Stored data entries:
==*==

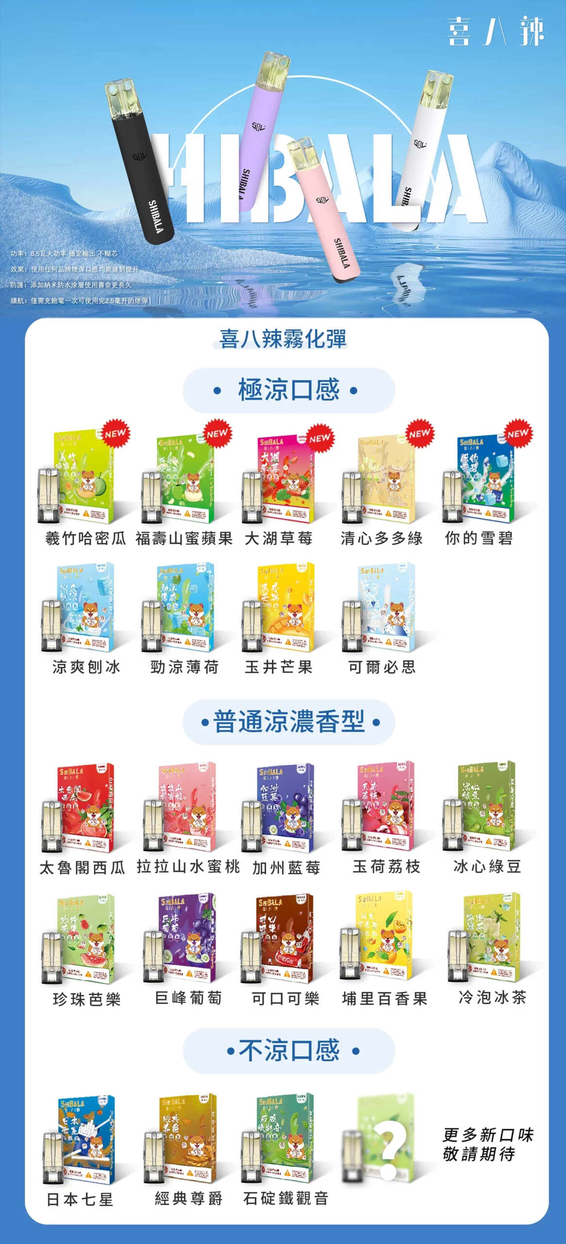 喜八辣一代煙彈是一款結合時尚造型與強烈風格的封閉式電子煙煙彈,專為喜八辣主機所設計,並支援多種主流一代通用主機如 RELX、ILIA、SP2、KIS5 等。每顆煙彈均採用高品質尼古丁鹽製成,濃郁順喉、口感穩定。搭配多種果香、茶香、薄荷等豐富口味,帶來層次感十足的吸煙體驗。
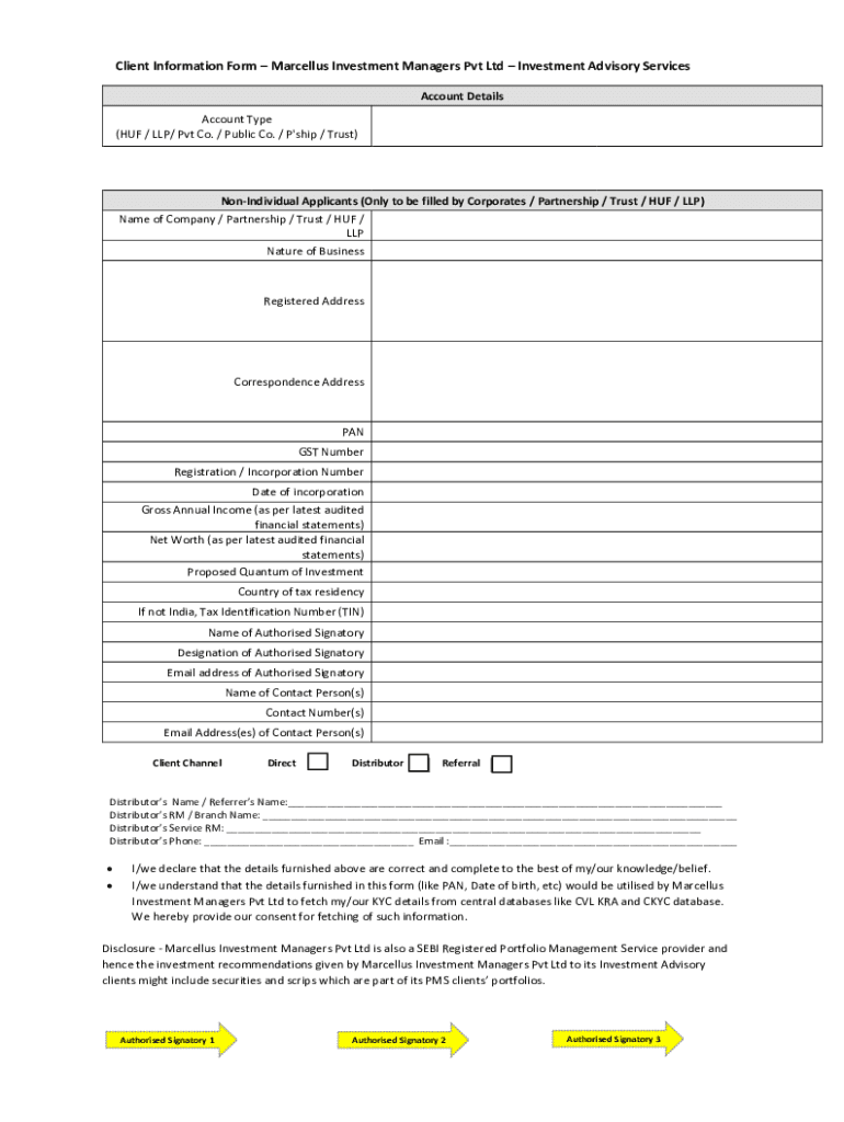 Client Information Form Marcellus Investment Managers Pvt Ltd Investment Advisory Services Account Details Account Type (HUF / LLP/ Pvt Co. / Public Co. / P\'ship / Trust)Individual Applicants (Only
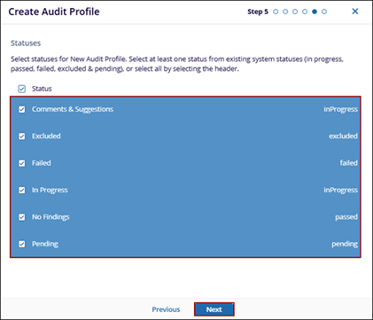 Note: The users cannot be the same for Audit Responders as those who are added as Auditor Managers. - In Step 5, select the quality review statuses and ensure to include at least one
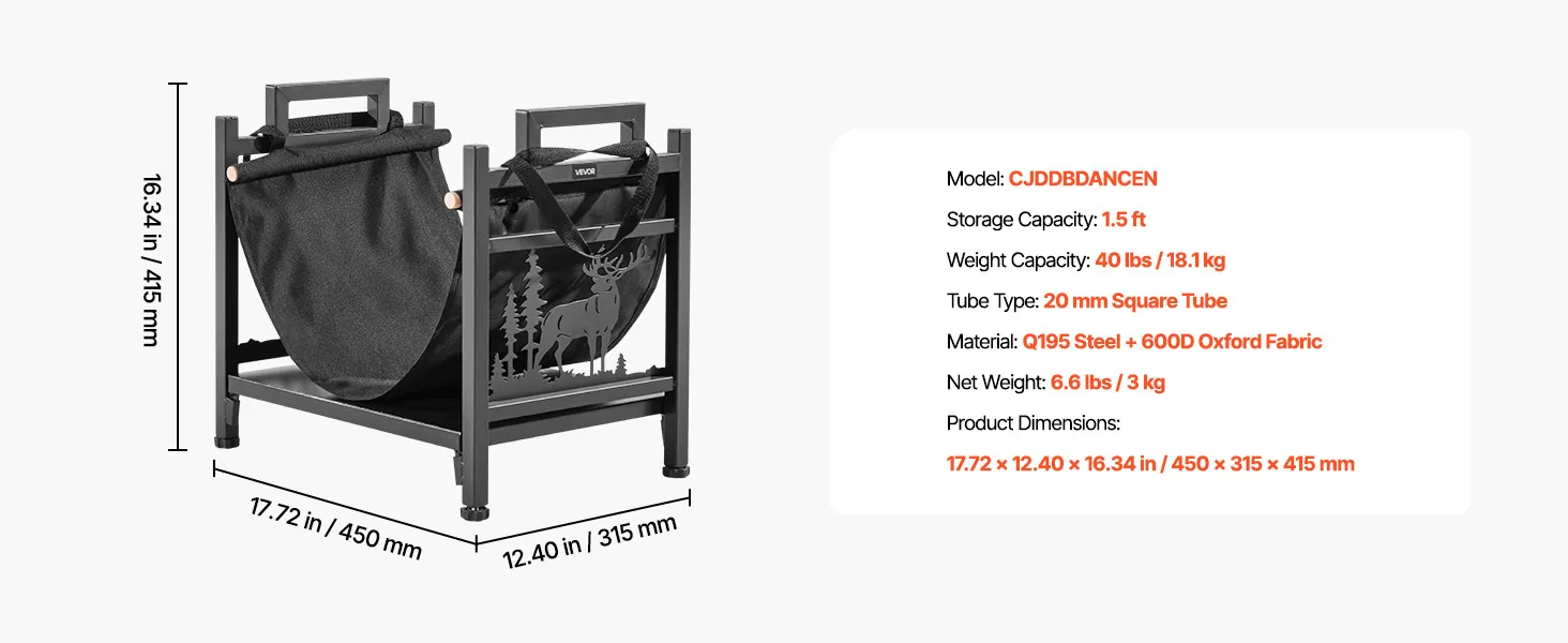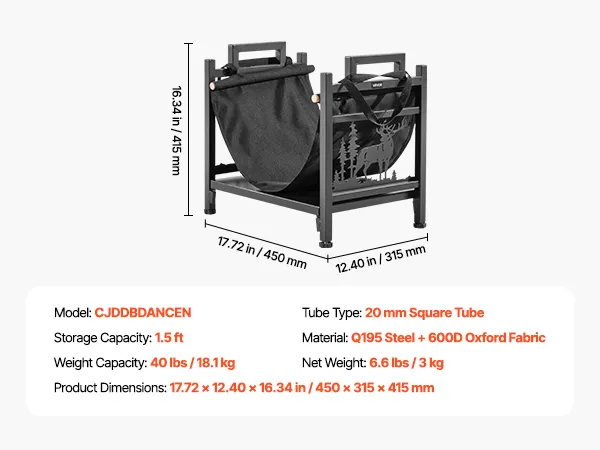 Made with weather-resistant powder-coated steel tubing, this firewood rack supports up to 40 lbs and weighs 6.6 lbs. Its compact size fits fireplaces, wood stoves, and outdoor fire pits, holding 10–20 logs—enough for 4–5 hours burning. Includes a canvas carry bag for one-trip wood transport.
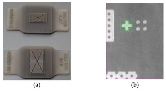 (a) Customized thermodes for bonding the quartz cover and silicon die; (b) Alignment mark on substrate wafer under optimized light settings.
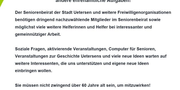 Der Seniorenbeirat der Stadt Uetersen und weitere Freiwilligenorganisationen benötigen dringend nachzuwählende Mitglieder im Seniorenbeirat sowie möglichst viele weitere Helferinnen und Helfer bei interessanter und gemeinnütziger Arbeit.
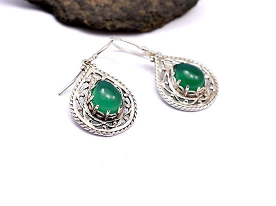 Αυτά τα σκουλαρίκια σε ασήμι 925 αναδεικνύουν την πράσινη ομορφιά του φυσικού όνυχα. Είναι σε σχήμα δάκρυ με φιλιγκράν σχέδια και μπιλίτσες.
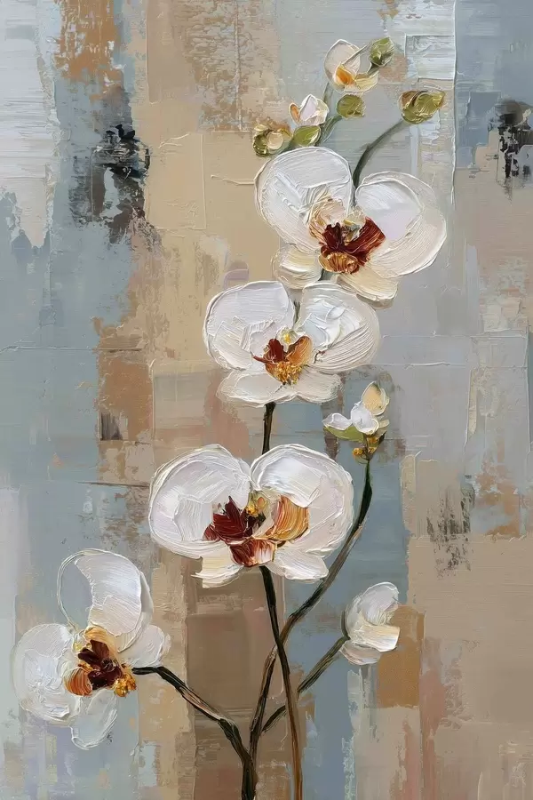 Plakatas baltos orchidėjos gėlės aliejaus tapybos stiliumi Ne f47131

==*==

> Task goal: Restate word for word the lines from the one holding "Made with weather-resistant" down through the last line of the records above, and do not include the pictures.

> Solution:
 Made with weather-resistant powder-coated steel tubing, this firewood rack supports up to 40 lbs and weighs 6.6 lbs. Its compact size fits fireplaces, wood stoves, and outdoor fire pits, holding 10–20 logs—enough for 4–5 hours burning. Includes a canvas carry bag for one-trip wood transport.
 (a) Customized thermodes for bonding the quartz cover and silicon die; (b) Alignment mark on substrate wafer under optimized light settings.
 Der Seniorenbeirat der Stadt Uetersen und weitere Freiwilligenorganisationen benötigen dringend nachzuwählende Mitglieder im Seniorenbeirat sowie möglichst viele weitere Helferinnen und Helfer bei interessanter und gemeinnütziger Arbeit.
 Αυτά τα σκουλαρίκια σε ασήμι 925 αναδεικνύουν την πράσινη ομορφιά του φυσικού όνυχα. Είναι σε σχήμα δάκρυ με φιλιγκράν σχέδια και μπιλίτσες.
 Plakatas baltos orchidėjos gėlės aliejaus tapybos stiliumi Ne f47131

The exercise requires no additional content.